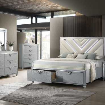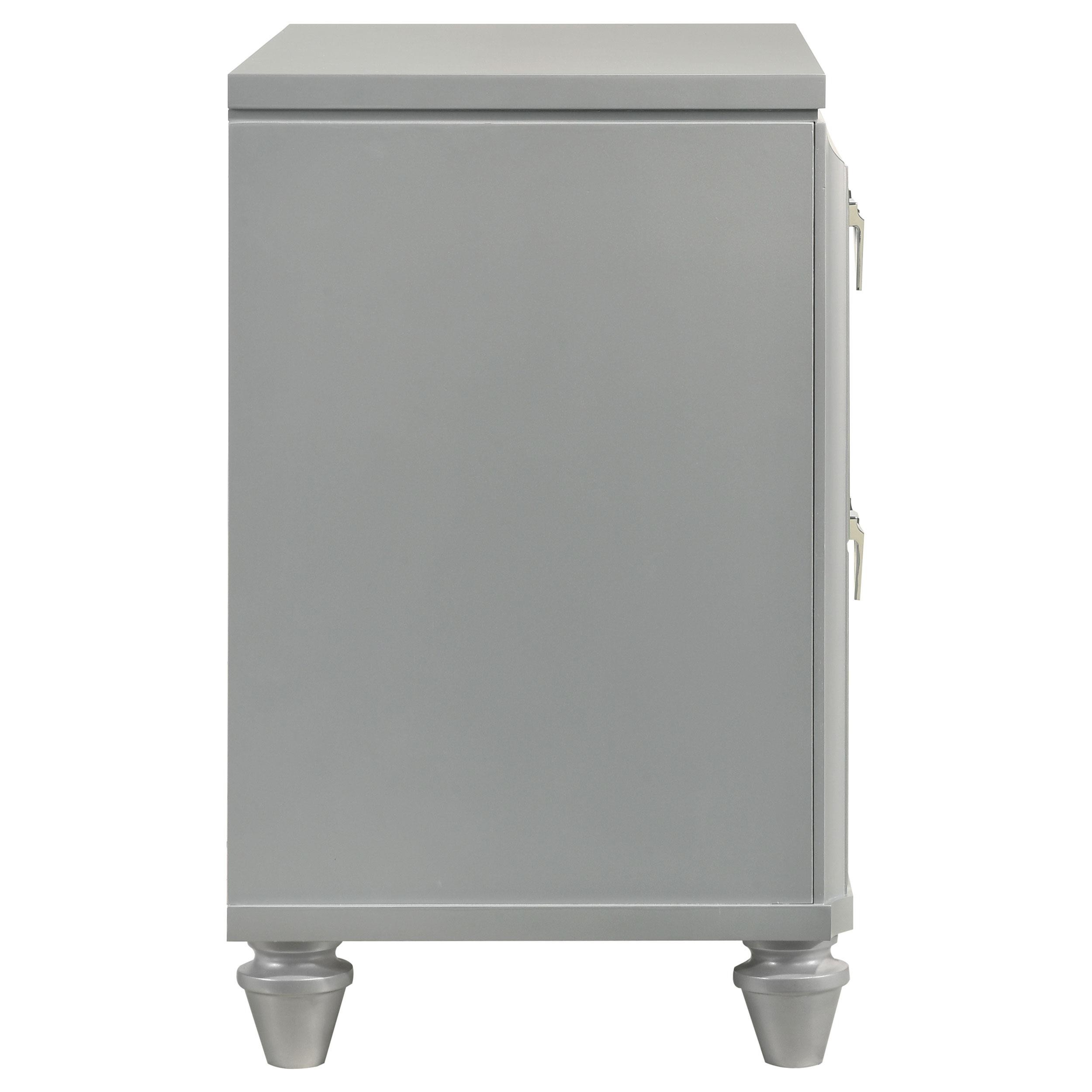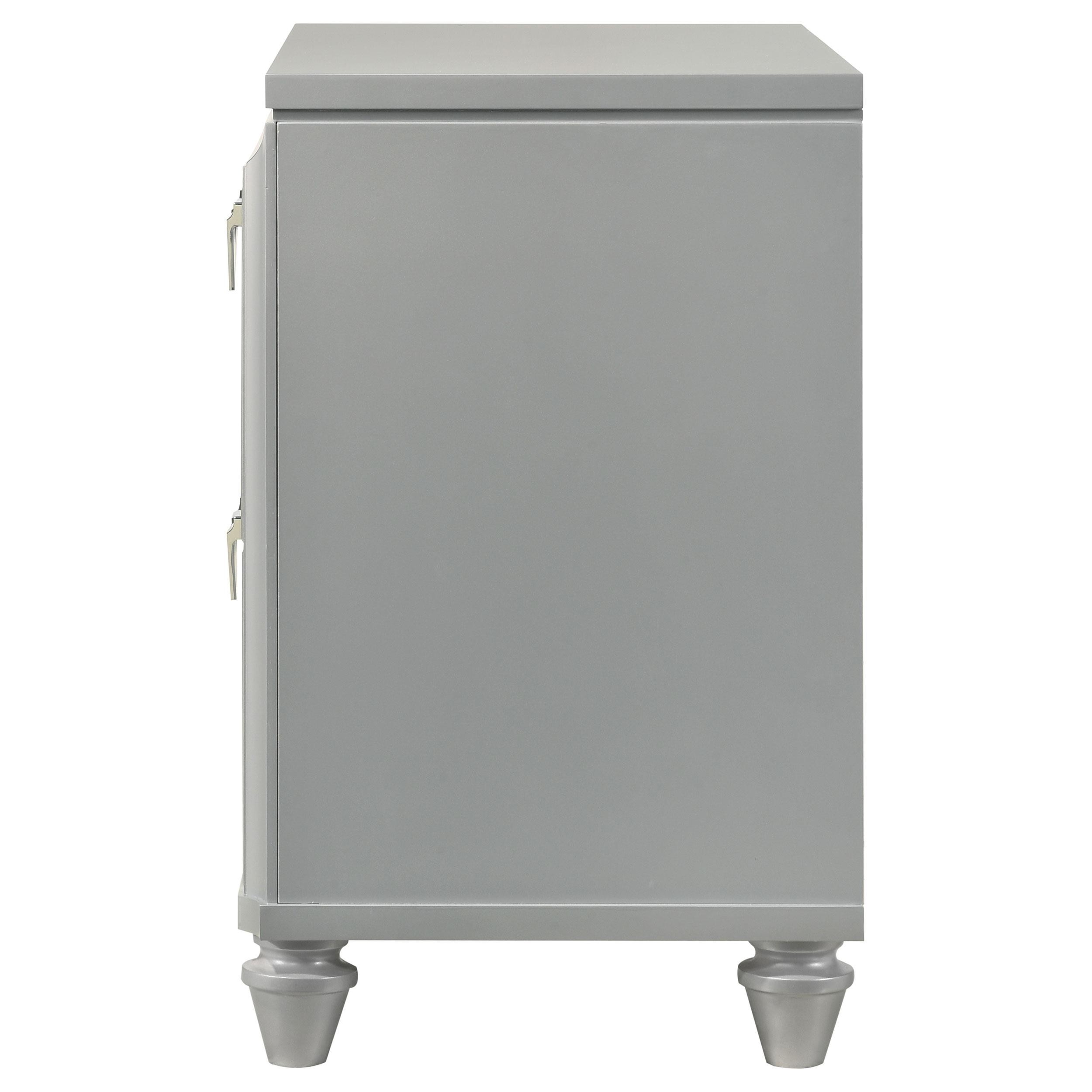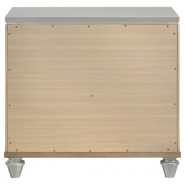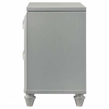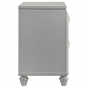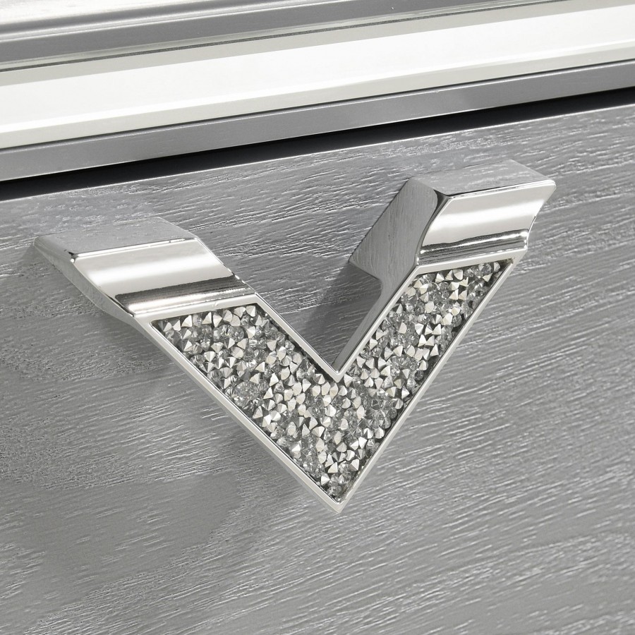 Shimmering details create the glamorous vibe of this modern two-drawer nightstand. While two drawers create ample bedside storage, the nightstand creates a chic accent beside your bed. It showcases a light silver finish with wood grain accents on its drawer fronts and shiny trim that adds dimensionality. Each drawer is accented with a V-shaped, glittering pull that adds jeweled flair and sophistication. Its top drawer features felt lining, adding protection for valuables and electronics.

---

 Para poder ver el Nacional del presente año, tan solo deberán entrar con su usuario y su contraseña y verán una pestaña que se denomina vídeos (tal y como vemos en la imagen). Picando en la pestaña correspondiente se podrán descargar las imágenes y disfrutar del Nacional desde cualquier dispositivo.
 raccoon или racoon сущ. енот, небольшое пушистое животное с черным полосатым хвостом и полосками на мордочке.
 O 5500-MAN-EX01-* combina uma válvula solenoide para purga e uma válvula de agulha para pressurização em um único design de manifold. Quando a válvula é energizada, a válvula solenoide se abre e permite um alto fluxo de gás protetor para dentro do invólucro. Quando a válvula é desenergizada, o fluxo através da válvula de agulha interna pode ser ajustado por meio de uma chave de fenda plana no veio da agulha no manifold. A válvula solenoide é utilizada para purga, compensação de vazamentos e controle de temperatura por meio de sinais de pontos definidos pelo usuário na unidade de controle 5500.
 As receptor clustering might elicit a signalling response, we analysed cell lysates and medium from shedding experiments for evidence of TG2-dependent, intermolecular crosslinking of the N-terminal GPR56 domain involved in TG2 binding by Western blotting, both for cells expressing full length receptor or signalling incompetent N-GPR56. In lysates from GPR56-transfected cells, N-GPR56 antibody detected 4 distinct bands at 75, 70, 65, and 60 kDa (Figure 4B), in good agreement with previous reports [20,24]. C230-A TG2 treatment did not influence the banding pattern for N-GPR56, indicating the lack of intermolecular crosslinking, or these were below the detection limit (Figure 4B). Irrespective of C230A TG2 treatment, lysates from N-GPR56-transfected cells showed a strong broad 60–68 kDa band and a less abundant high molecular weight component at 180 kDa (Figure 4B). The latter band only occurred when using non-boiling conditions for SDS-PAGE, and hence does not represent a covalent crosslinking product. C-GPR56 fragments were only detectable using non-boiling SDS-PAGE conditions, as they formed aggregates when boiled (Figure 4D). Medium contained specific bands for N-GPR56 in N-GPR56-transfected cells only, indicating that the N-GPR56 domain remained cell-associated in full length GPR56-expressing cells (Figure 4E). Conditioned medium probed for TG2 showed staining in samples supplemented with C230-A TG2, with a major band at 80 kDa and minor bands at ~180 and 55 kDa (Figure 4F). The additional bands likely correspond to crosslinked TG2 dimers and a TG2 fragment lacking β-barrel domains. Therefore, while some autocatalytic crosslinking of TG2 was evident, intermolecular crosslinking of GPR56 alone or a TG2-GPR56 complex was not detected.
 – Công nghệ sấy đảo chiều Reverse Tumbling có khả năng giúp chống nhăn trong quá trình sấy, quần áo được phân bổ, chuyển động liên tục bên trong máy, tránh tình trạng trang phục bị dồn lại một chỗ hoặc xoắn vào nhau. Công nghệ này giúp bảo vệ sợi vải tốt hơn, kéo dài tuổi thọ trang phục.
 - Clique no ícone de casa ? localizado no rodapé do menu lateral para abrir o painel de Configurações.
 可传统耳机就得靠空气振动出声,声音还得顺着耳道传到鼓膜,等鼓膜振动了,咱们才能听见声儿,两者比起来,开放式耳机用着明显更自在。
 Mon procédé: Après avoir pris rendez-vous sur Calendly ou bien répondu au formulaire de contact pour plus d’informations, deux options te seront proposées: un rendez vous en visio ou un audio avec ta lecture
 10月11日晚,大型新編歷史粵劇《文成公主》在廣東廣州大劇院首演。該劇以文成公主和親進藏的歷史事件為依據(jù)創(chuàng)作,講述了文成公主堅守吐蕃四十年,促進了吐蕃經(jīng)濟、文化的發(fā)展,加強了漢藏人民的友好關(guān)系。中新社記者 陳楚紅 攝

---

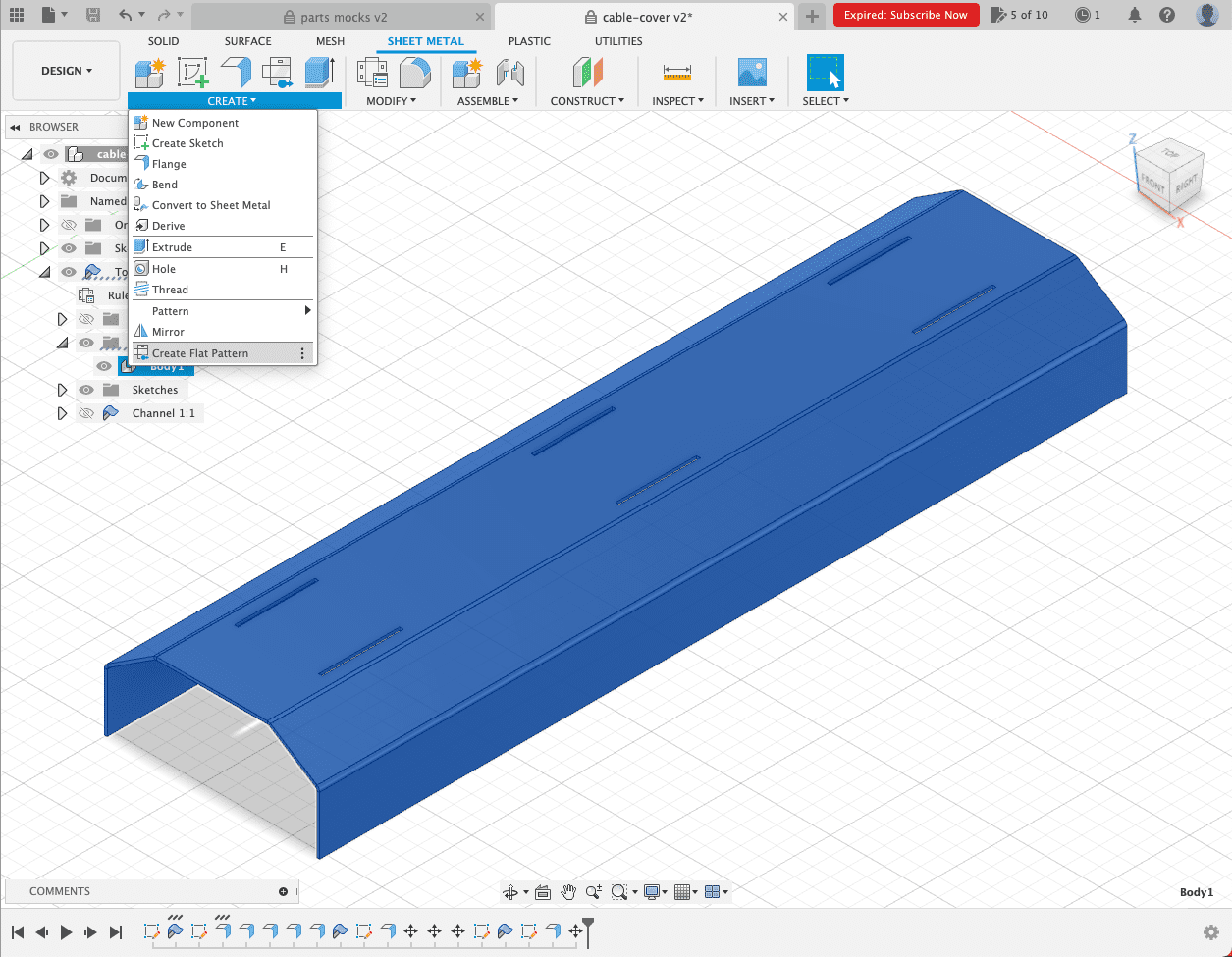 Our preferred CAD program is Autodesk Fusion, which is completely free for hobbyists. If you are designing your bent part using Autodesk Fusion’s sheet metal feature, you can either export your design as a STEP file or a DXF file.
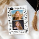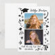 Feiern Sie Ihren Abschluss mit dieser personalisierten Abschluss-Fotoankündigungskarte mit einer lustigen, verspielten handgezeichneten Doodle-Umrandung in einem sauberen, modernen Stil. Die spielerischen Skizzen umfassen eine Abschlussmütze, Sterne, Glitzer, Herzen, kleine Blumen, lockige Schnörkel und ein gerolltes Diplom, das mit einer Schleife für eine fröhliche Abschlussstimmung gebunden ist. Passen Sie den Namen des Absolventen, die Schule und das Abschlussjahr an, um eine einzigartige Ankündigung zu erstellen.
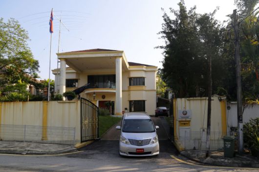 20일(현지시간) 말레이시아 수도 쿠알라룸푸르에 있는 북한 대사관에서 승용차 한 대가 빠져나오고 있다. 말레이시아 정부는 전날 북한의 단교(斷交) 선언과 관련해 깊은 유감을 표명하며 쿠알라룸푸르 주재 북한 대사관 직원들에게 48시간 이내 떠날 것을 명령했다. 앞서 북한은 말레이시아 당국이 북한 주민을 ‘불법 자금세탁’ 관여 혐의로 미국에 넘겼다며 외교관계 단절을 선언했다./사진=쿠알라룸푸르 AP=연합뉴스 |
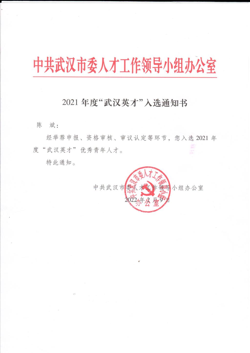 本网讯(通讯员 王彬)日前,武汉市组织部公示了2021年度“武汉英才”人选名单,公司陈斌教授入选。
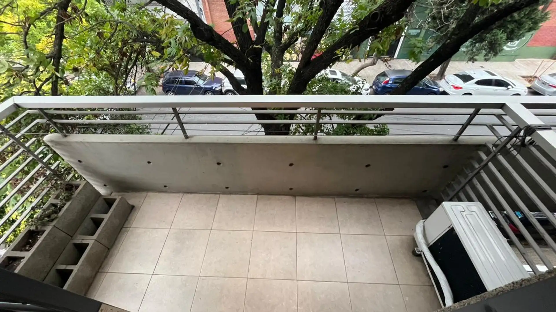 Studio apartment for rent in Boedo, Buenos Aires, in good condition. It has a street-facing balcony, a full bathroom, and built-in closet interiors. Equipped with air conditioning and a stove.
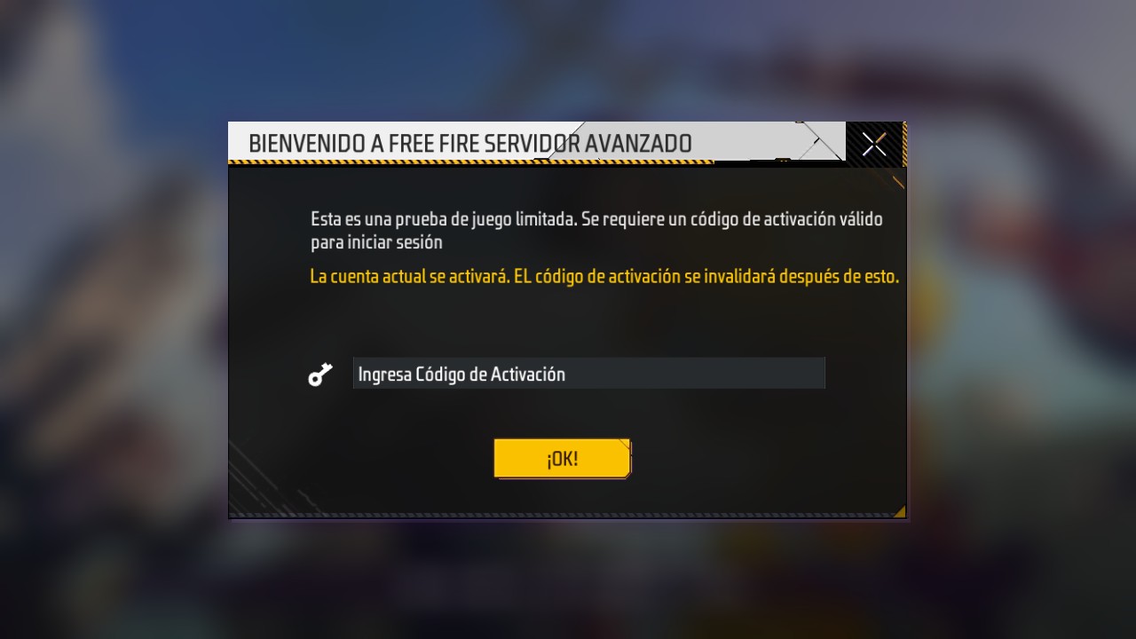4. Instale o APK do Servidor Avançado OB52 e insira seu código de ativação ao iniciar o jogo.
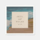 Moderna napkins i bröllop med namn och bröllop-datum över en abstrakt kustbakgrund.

## Exercise aim
One stretch of the lines above is wanted, from the line that contains "- Clique no" through the line that contains "Mon procédé: Après". Output it exactly.

## Finished task
 - Clique no ícone de casa ? localizado no rodapé do menu lateral para abrir o painel de Configurações.
 可传统耳机就得靠空气振动出声,声音还得顺着耳道传到鼓膜,等鼓膜振动了,咱们才能听见声儿,两者比起来,开放式耳机用着明显更自在。
 Mon procédé: Après avoir pris rendez-vous sur Calendly ou bien répondu au formulaire de contact pour plus d’informations, deux options te seront proposées: un rendez vous en visio ou un audio avec ta lecture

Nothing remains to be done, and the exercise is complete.